In some embodiments, the fiber is a monocomponent fiber consisting of CAB or that comprises or consists of CAB and CD or CAB and an inclusion complex of CD and DOPO. In some embodiments, the fiber is a monocomponent fiber consisting of CAB and 10 wt% CD. In some embodiments, the fiber is a monocomponent fiber consisting of CAB and 10 wt% of an inclusion complex of DOPO and CD.

Referring now to Figures 1A-1E, are systems in accordance with the presently disclosed subject matter, which are suitable to carry out a method of the presently disclosed subject matter. For instance, Figure 1 A shows double screw (or twin-screw) extruder 104 suitable for use in melt-extruding or melt-compounding mixtures comprising CAB or other polymers (e.g., polyolefins). Mixture M (comprising a polymer, e.g., CAB and one or more other components, such as a colorant, a meltable solvent, and a flame retardant) can be inserted in hopper openings 109 in direction Al and driven through internal space 126 of extruder 104 by screws 122, to produce filament F from outlet 107. As shown in Figure 1 A, double screw extruder 104 includes motor 121, which can drive double screws 122 of extruder 104 rotationally. Extruder 104 can be configured to provide zones that are operable to melt, mix, and provide homogenization to the mixture M so that a filament F can be extruded in the direction of arrow A3. In some embodiments, melting zone MZ, mixing zone MX, and homogenization zone HG occur sequentially beginning from motor 121 and proceeding towards outlet outlet 107 of extruder 104. After filament F exits double screw extruder 104 from outlet 107 in direction A3, it can be collected, e.g., on a spool, cut into desired lengths or chopped into pellets for further compounding or melt-spinning later.

Figure IE shows single screw extruder 102 suitable for use in melt-extruding or melt-compounding mixtures comprising CAB or other polymers (e.g., polyolefins).
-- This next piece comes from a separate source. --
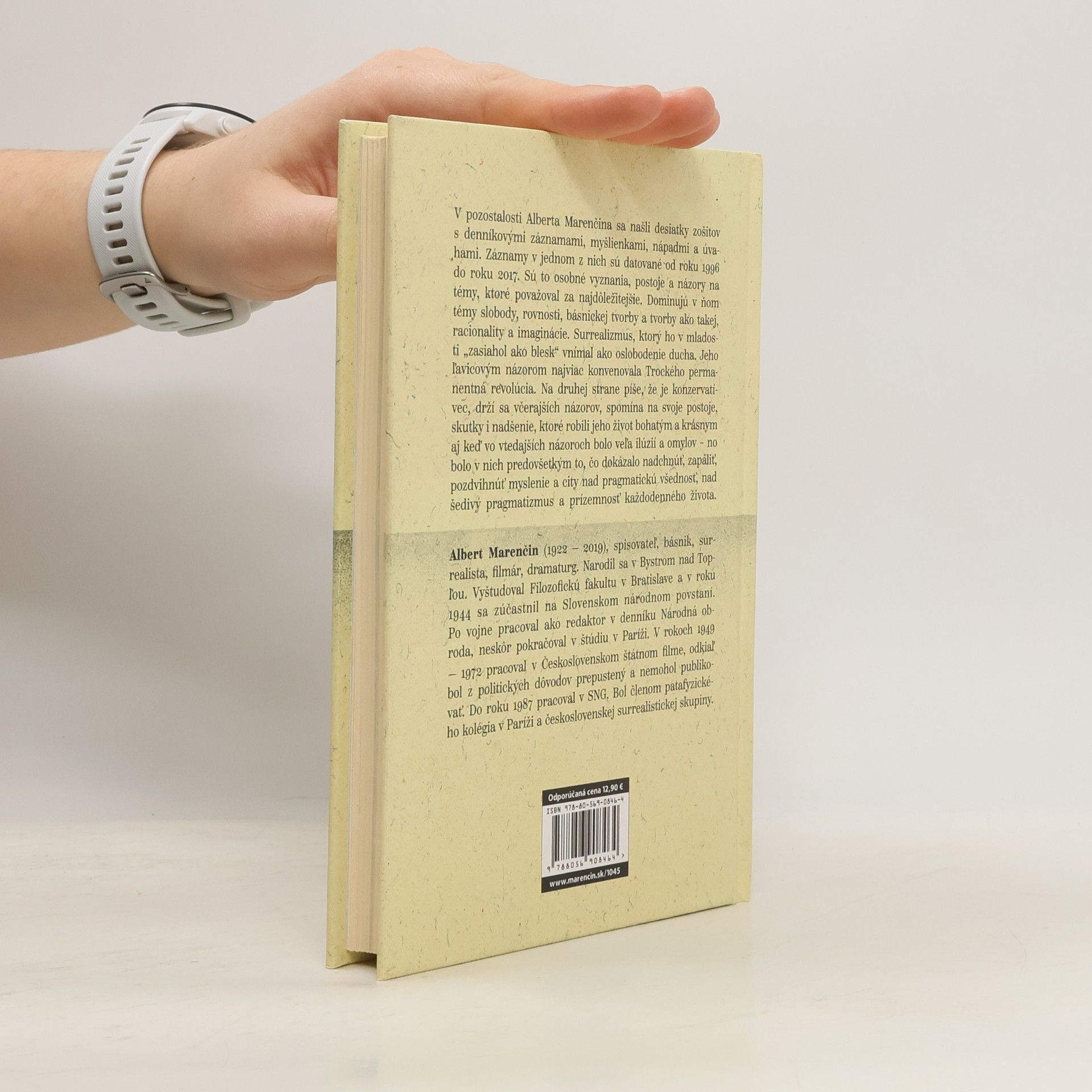 V pozostalosti Alberta Marenčina sa našli desiatky zošitov s denníkovými záznamami, myšlienky, nápady, úvahy. Jeden z nich – v koži viazaný, na krásnom papieri sa objavil len nedávno. Záznamy, ktoré si doňho zapisoval od roku 1996 až do roku 2017 sú jeho osobné vyznania, postoje názory na témy, ktoré považoval za najdôležitejšie. Dominujú témy slobody a rovnosti, básnickej tvorby a tvorby ako takej, racionality a imaginácie. Surrealizmus, ktorý ho v mladosti “zasiahol ako blesk” vnímal ako oslobodenie ducha. Jeho ľavicovým názorom najviac konvenovala Trockého permanentná revolúcia. Na druhej strane píše, že je konzervatívec, drží sa včerajších názorov, spomína na svoje postoje, skutky i nadšenie, ktoré robili jeho život bohatým a krásnym aj keď vo vtedajších názoroch bolo veľa ilúzií a omylov – no bolo v nich predovšetkým to, čo dokázalo nadchnúť, zapáliť, pozdvihnúť myslenie a city nad pragmatickú všednosť, nad šedivý pragmatizmus a prízemnosť každodenného života. Polemizuje s autormi (Rudo Sloboda, Dominik Tatarka, JurajŠpitzer), často aj sám so sebou.

Mixture M (comprising a polymer, e.g., CAB and one or more other components, such as a colorant, a meltable solvent, and a flame retardant) can be inserted in hopper opening 108 in direction Al and driven through the internal space 124 of extruder 102 by screw 120, to produce a filament F from outlet 107. As shown in Figure IE, single screw extruder 102 includes motor 121, which can drive screw 120 of extruder 102 rotationally in direction A4. As with extruder 104 of Figure 1A, extruder 102 of Figure IE can be configured to provide zones that are operable to melt, mix, and provide homogenization to the mixture M so that a filament F can be extruded in the direction of arrow A3. In some embodiments, melting zone MZ, mixing zone MX, and homogenization zone HG occur sequentially beginning from motor 121 and proceeding towards outlet outlet 107 of extruder 102. After filament F exits extruder 102 from outlet 107 in direction A3, it can be collected, e.g., on a spool, cut into desired lengths or chopped into pellets for further compounding or melt-spinning later.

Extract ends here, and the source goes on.